SUPPLIED DATA

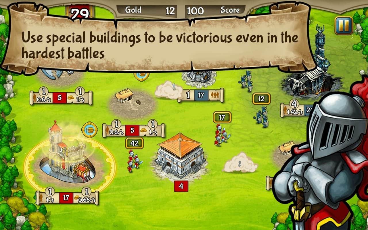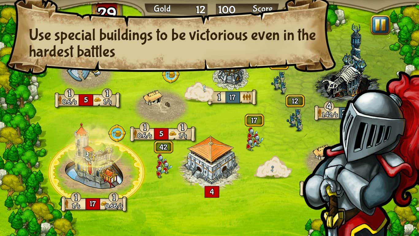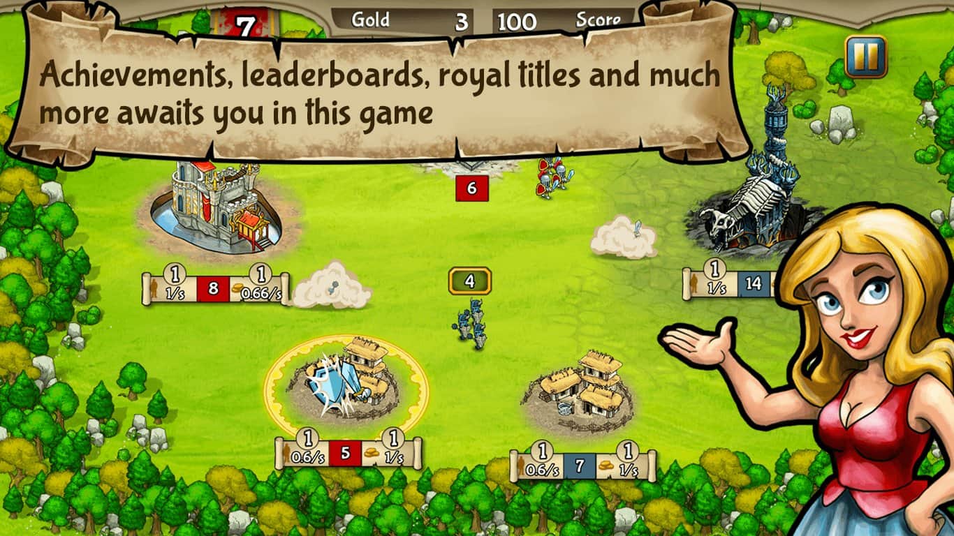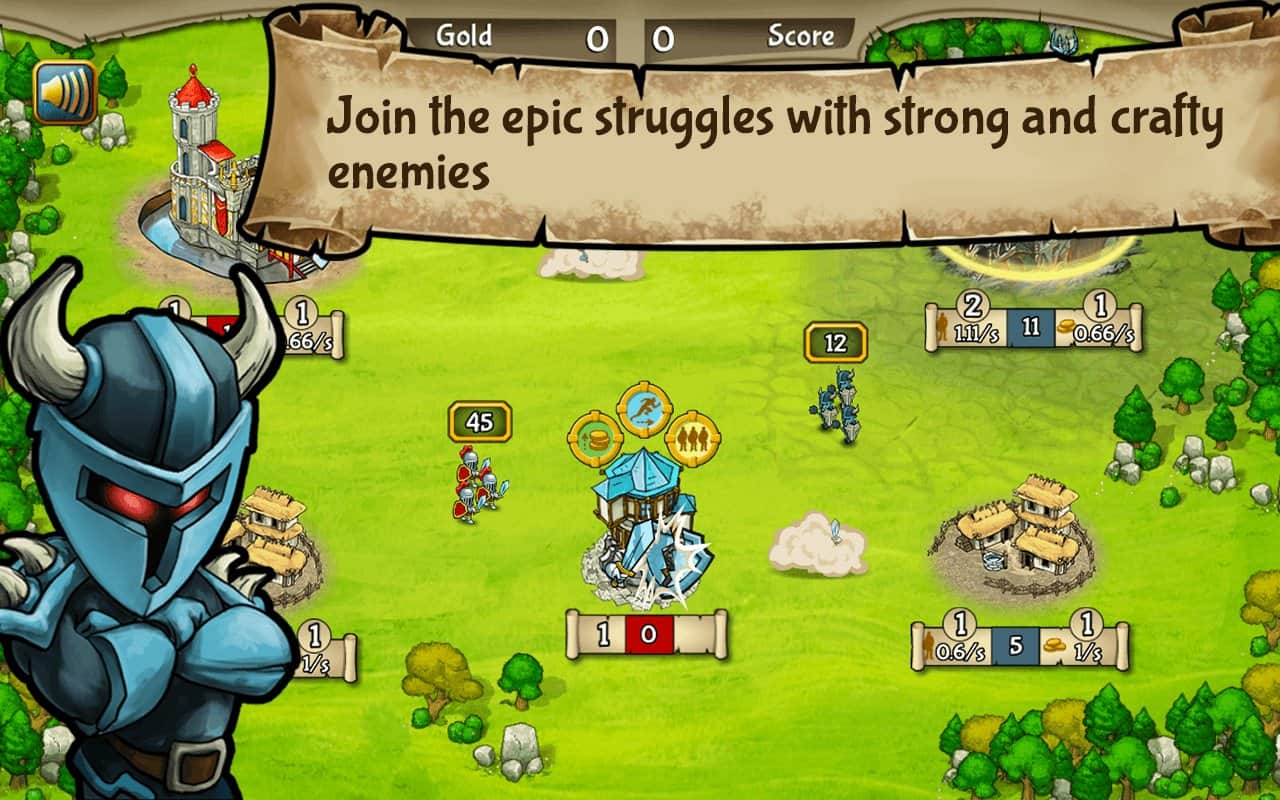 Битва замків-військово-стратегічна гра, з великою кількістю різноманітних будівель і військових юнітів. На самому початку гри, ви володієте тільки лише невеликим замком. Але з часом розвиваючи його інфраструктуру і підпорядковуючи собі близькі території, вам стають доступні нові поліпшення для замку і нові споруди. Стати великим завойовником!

---

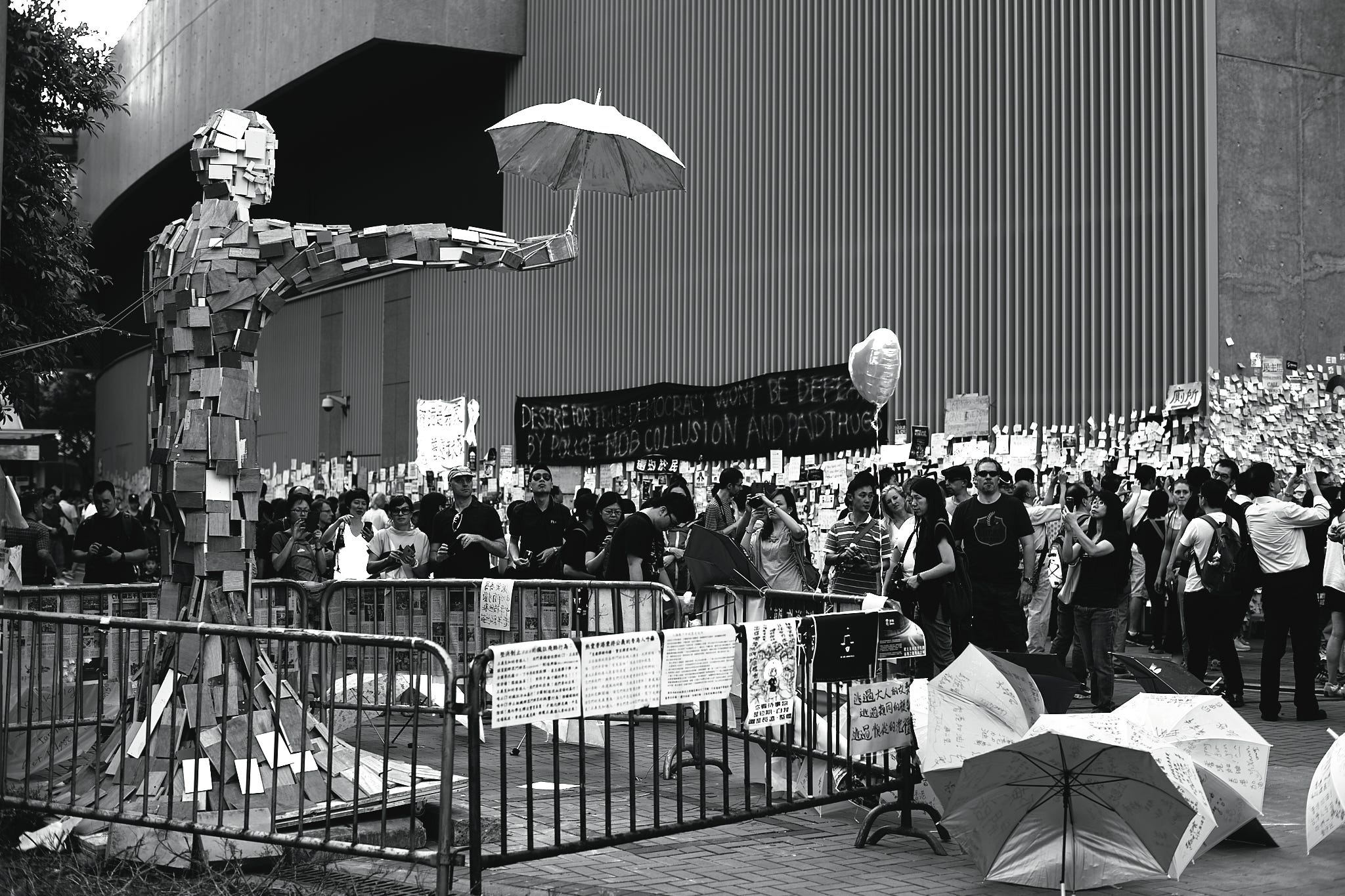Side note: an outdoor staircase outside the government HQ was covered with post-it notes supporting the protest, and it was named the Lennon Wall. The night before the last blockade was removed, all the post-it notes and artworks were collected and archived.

--

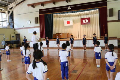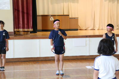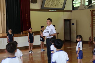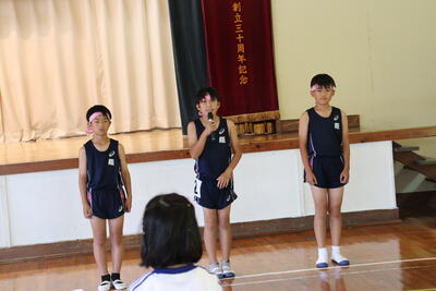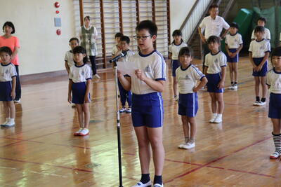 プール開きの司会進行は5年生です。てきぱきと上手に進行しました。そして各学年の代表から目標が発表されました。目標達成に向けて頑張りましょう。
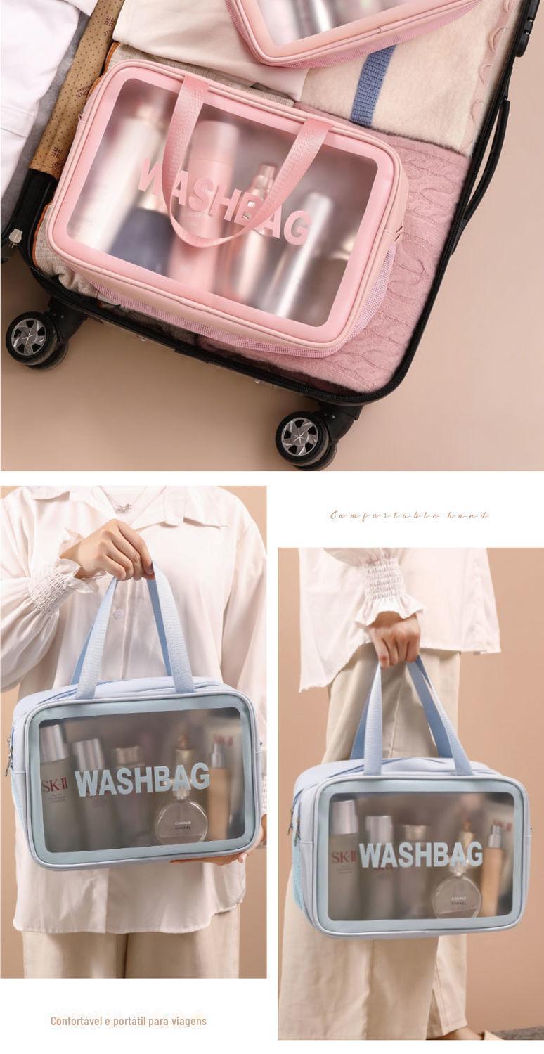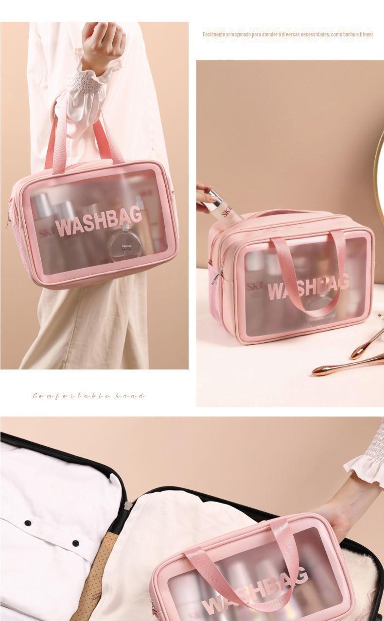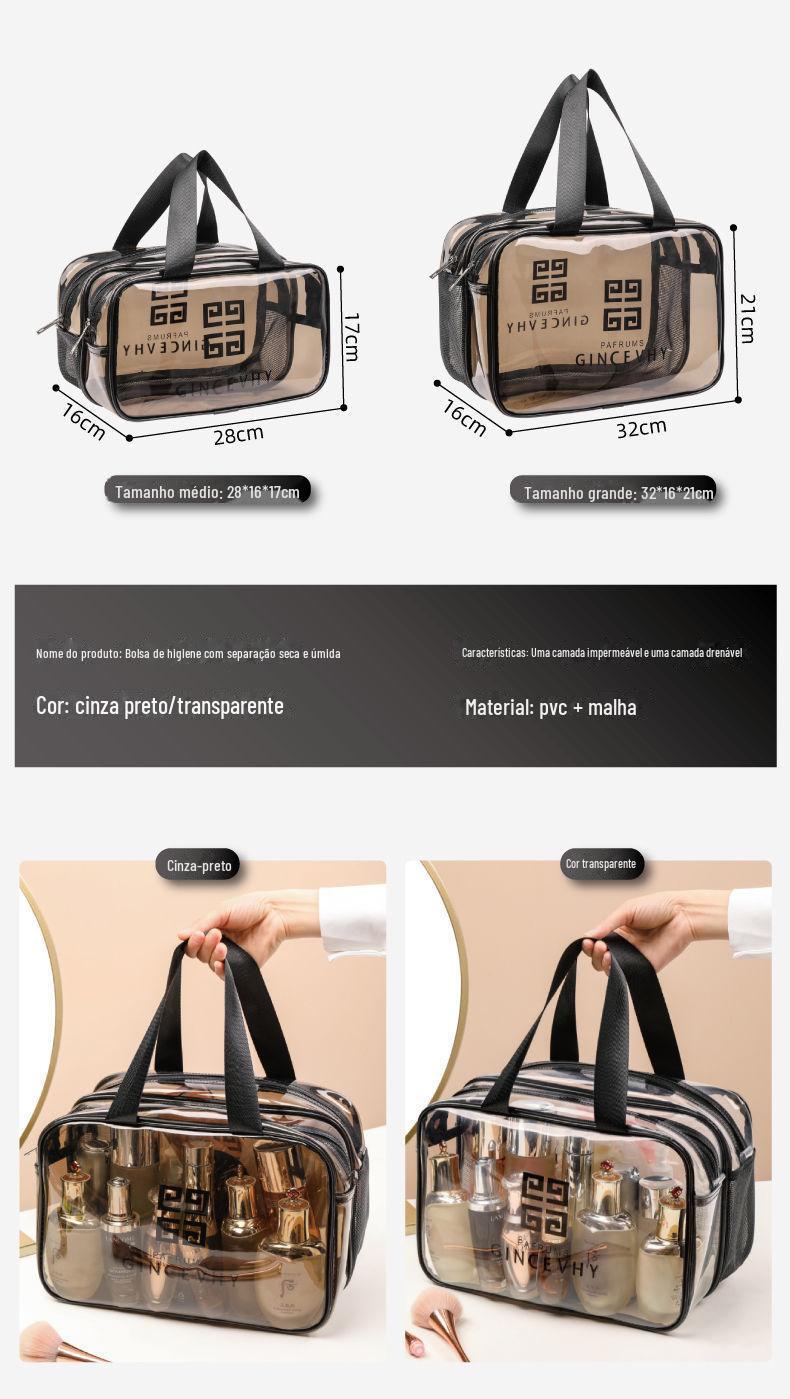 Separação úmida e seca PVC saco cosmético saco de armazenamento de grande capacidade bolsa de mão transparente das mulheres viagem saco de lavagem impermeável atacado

AIM OF THE EXERCISE
Pictures excluded, reproduce only the part above that opens with the line holding "プール開きの司会進行は5年生" and closes with the line holding "Separação úmida e", exactly as written.

EXERCISE RESPONSE
 プール開きの司会進行は5年生です。てきぱきと上手に進行しました。そして各学年の代表から目標が発表されました。目標達成に向けて頑張りましょう。
 Separação úmida e seca PVC saco cosmético saco de armazenamento de grande capacidade bolsa de mão transparente das mulheres viagem saco de lavagem impermeável atacado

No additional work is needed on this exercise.